Never in a million years did I think that working on speed would lead me on the emotional journey I’ve been on, but here we are. Growing pains all around. Along with my struggle with dissonance and seeing myself as I am, I’ve also really been struggling to see progress in my running lately. I’ve been struggling to hit my paces, 5ks have been slower than I know I’m capable of, and it’s been bugging me. I’m putting in work and I’m trying and I just don’t see that I’m getting anywhere.
I had a heart to heart with my coach. I talked to my BRF. I tried to relax and trust the process. On Wednesday I did my tempo run on the treadmill so I could prove to myself that the paces are possible, and that it’s possible for me to push through and sustain them–which I did. Then on Thursday, it was the first Flash 5k of the season for SCRR, and while it was supposed to be my rest day, I got coach’s blessing to participate as long as I took it easy.

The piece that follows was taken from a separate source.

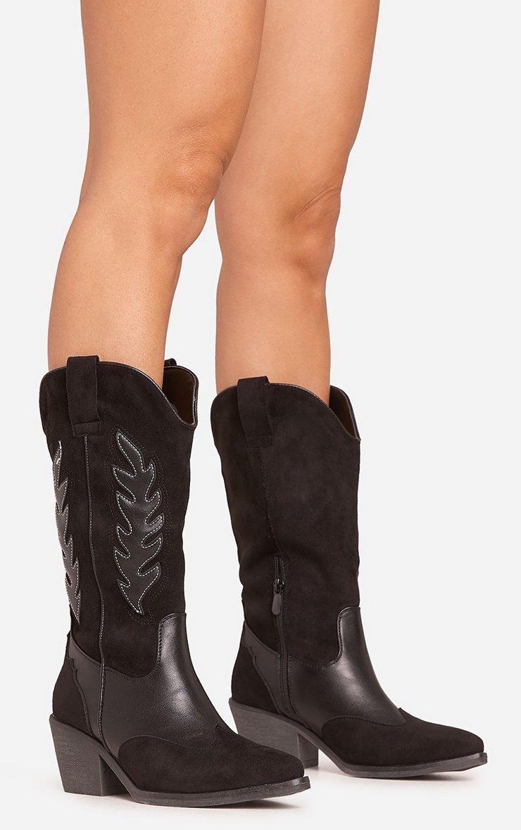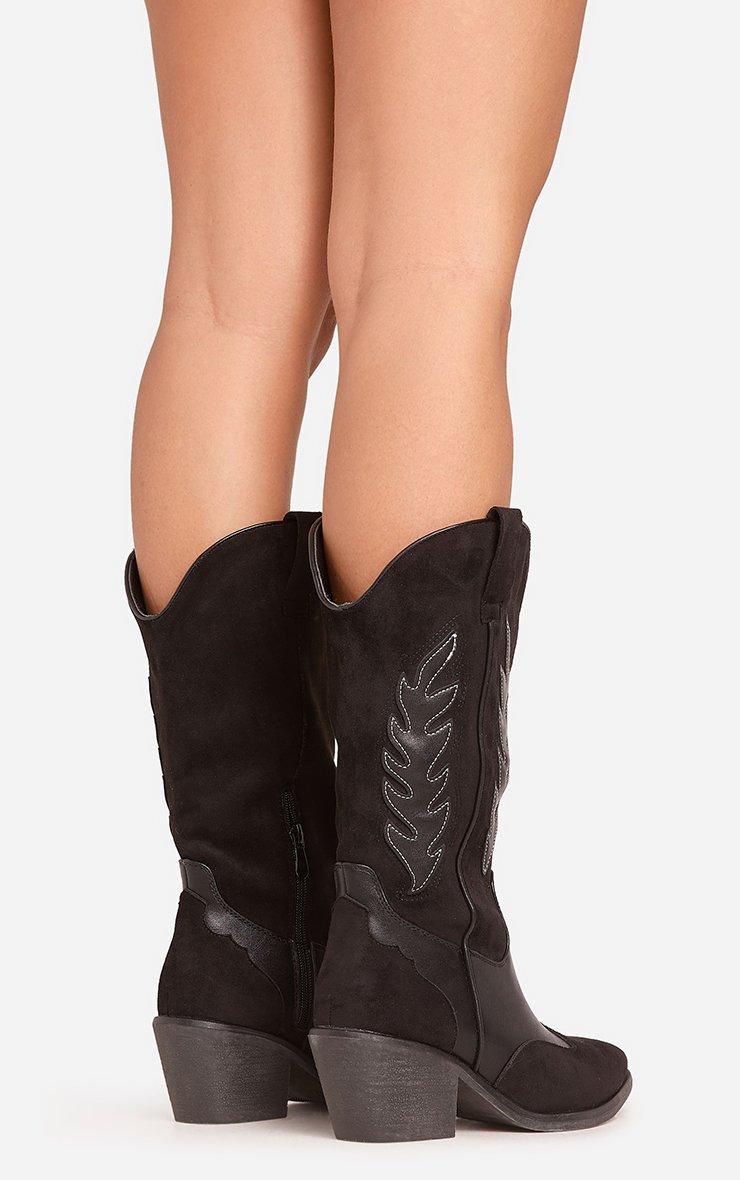 Sparrow Embroidered Detail Pointed Toe Mid Calf Western Cowboy Boot In Black Faux Leather
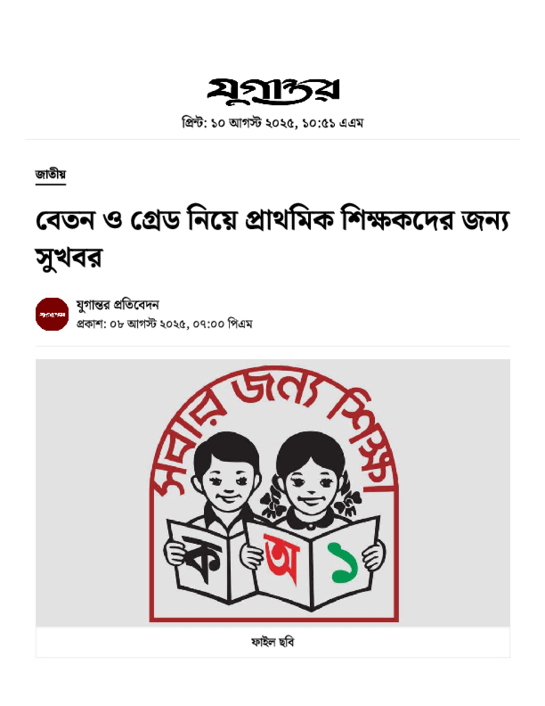 বেতন ও গ্রেড নিয়ে প্রাথমিক শিক্ষকদের জন্য সুখবর.pdf Published on 08 August 2025 Newspaper দৈনিক যুগান্তর Category Educational Ministry / Departments Education Ministry / Division / Directorate Download

Ever one to follow the rules, I went into it with the plan to take it easy. I didn’t even bring my watch with me, I left it at home so I wouldn’t be tempted to push. I started the Strava app, put it in my pocket, and went. I did what felt good at any given point in time–sometimes I ran hard, sometimes I backed off, sometimes I walked–and I didn’t stress about it. I was out to have a run and fun with my friends. I came in around 33:47–which was my race pace last year when I was trying. I was pumped because I took it so easy. I wasn’t trying. In that moment I could see the progress that my coach and friends assured me was happening.
This was reinforced on Saturday. I did the Yinzer 5k, and I went in with the intention of racing it and going sub-30 again, but I was also aware that I had skipped my rest day and was working with tired legs, so I figured I’d give it my best shot and see what happened. I kept up with the 9:30s for the first mile, but then I started cramping so I backed off, got some water, walked a minute. I picked it back up for mile 3 and finished in 31:36. Just 6 seconds off of my PR from last fall. If I could do that when it wasn’t even my best effort…that’s progress.
Even yesterday when I was doing my recovery workout on the rower–when I first started I could do about 10 minutes on the rower before my back would start screaming at me, yesterday I did a solid 20 minutes and could have kept going. I love how strong I’m getting. It’s a good place to be going into another track workout.